Action item: In the entries that follow, repeat exactly the lines from the one that has "Since the helm" through the one that has "交通事業者83社局、障害者団体を含む10団体で実施します。", but omit pictures.

Data supplied:
+ + + + + + +

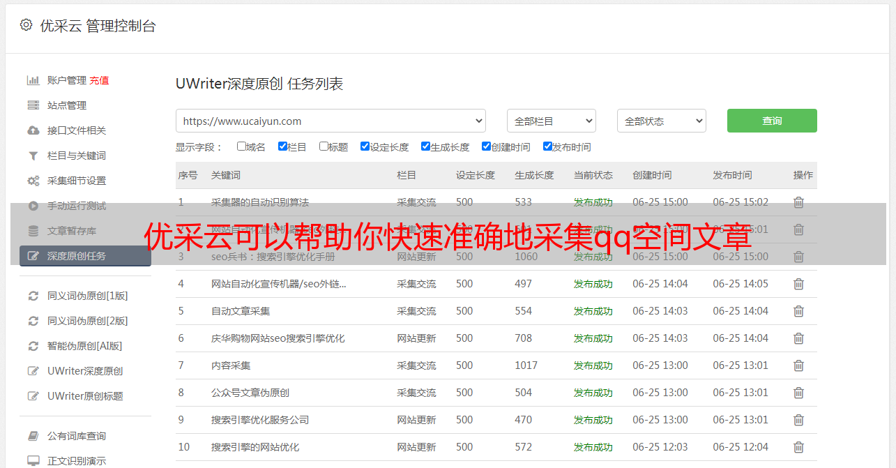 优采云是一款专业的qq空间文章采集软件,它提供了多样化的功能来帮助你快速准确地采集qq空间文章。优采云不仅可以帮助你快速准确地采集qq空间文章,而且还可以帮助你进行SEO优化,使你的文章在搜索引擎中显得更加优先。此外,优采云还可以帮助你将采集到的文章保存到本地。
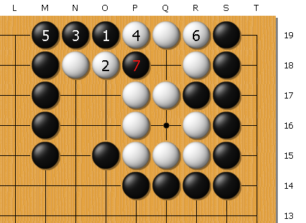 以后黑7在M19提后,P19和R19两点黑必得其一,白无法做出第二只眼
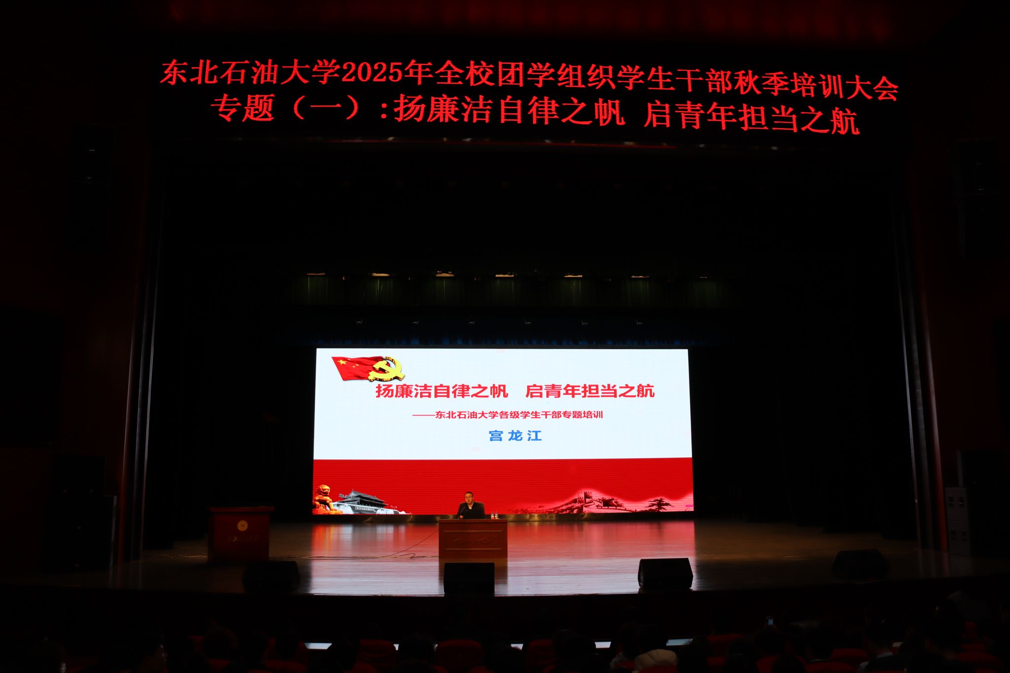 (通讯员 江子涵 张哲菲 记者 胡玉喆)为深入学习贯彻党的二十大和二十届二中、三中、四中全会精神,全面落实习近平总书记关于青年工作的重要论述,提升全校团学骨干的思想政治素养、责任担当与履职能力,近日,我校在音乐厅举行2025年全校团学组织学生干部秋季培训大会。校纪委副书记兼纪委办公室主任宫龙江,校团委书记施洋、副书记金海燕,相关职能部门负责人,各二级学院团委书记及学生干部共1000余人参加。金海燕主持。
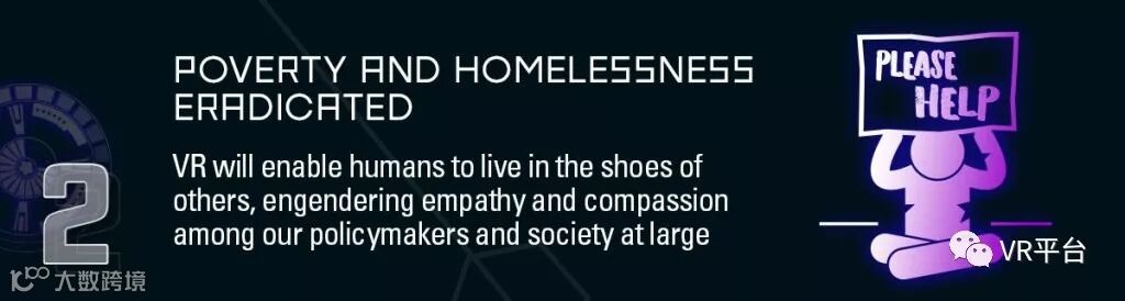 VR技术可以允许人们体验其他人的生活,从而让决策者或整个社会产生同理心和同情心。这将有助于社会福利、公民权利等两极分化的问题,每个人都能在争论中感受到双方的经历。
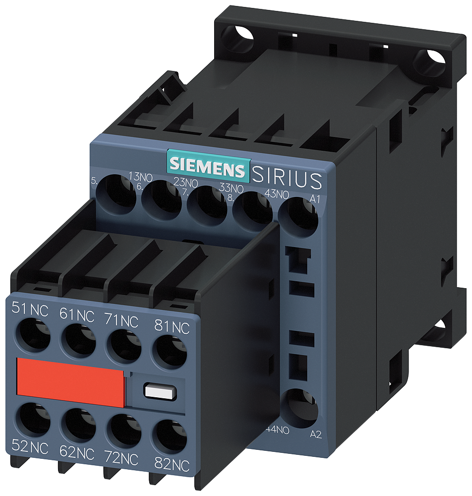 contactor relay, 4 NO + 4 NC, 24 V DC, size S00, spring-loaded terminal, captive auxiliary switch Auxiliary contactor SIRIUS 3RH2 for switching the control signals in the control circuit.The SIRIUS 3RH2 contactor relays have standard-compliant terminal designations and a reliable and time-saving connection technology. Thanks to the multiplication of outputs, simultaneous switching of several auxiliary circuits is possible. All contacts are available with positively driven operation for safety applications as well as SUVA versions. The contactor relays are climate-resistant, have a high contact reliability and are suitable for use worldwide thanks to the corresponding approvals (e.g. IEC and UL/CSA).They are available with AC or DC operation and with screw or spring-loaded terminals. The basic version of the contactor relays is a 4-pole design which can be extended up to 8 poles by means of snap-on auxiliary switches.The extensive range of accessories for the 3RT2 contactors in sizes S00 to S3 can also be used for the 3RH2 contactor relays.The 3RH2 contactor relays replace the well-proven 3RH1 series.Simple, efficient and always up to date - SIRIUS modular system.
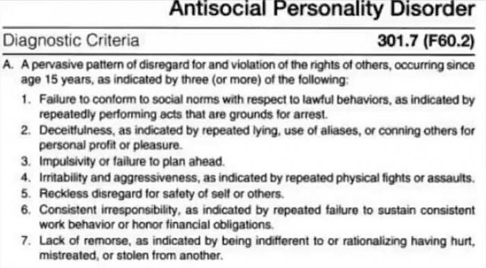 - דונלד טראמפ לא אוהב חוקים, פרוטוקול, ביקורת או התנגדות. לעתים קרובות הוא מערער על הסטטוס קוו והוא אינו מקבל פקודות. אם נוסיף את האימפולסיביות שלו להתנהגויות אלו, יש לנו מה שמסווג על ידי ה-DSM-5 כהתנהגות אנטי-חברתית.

+ + + + + + +

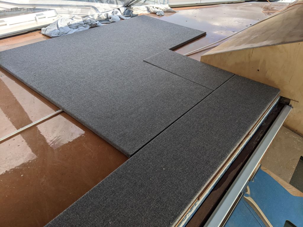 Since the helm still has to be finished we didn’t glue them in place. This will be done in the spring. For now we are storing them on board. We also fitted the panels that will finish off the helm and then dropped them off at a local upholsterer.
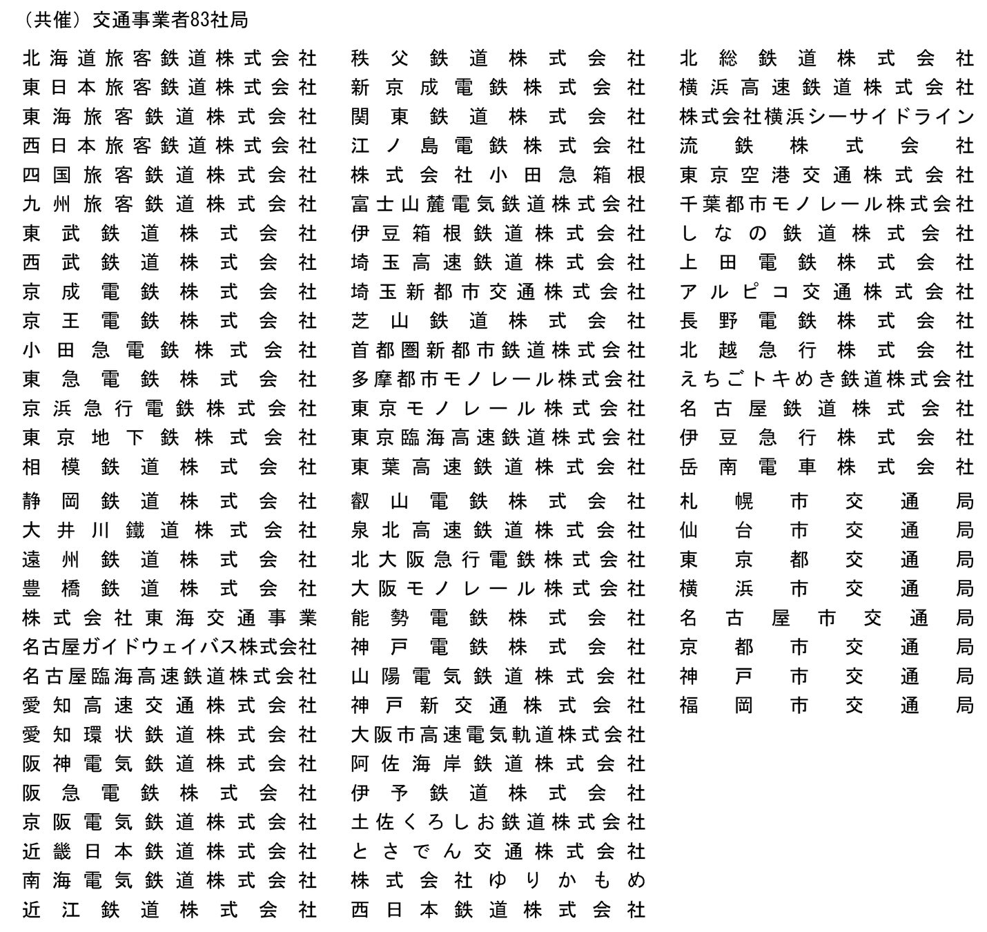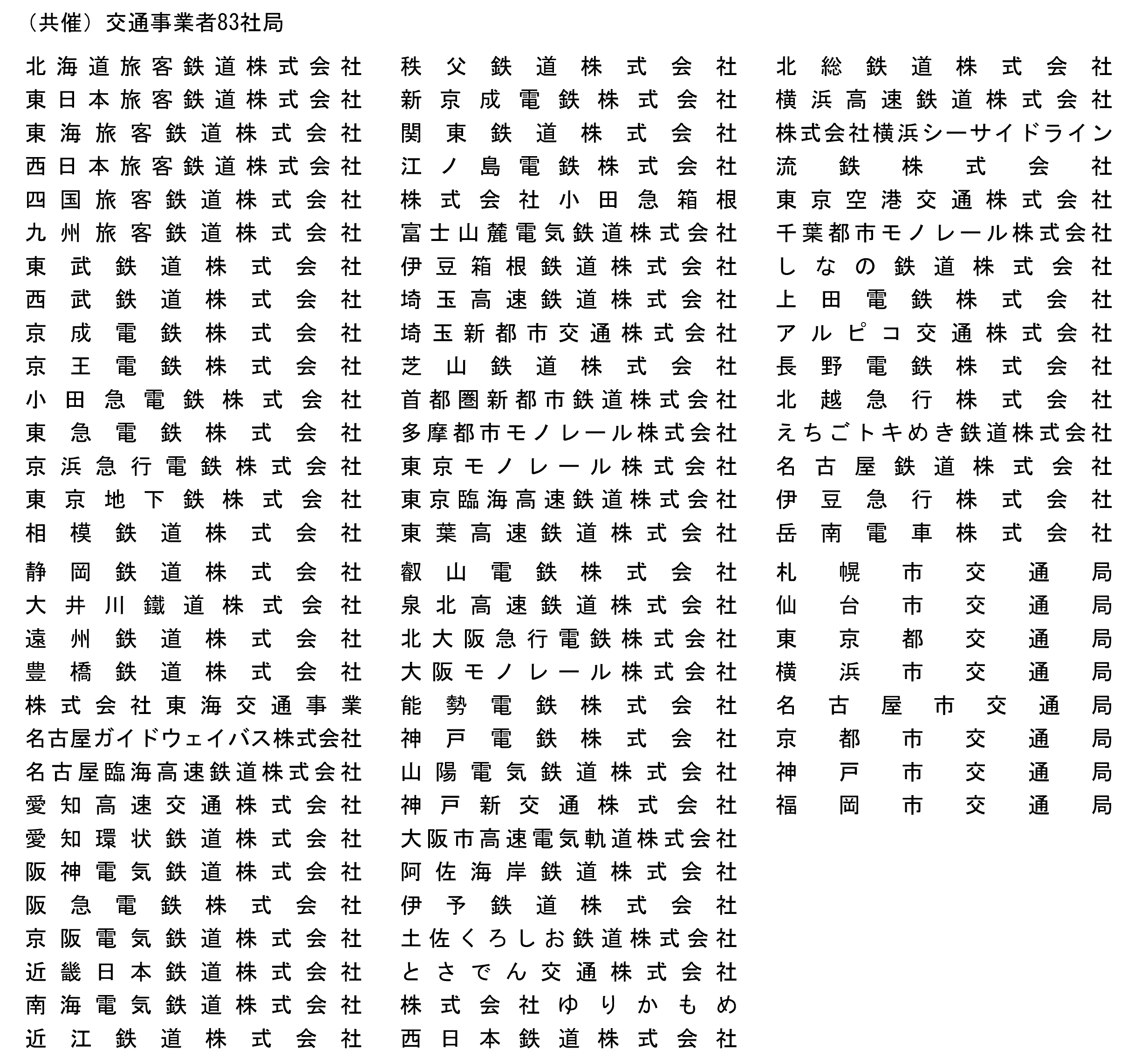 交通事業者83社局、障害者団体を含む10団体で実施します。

+ + + + + + +

Exercise result:
 Since the helm still has to be finished we didn’t glue them in place. This will be done in the spring. For now we are storing them on board. We also fitted the panels that will finish off the helm and then dropped them off at a local upholsterer.
 交通事業者83社局、障害者団体を含む10団体で実施します。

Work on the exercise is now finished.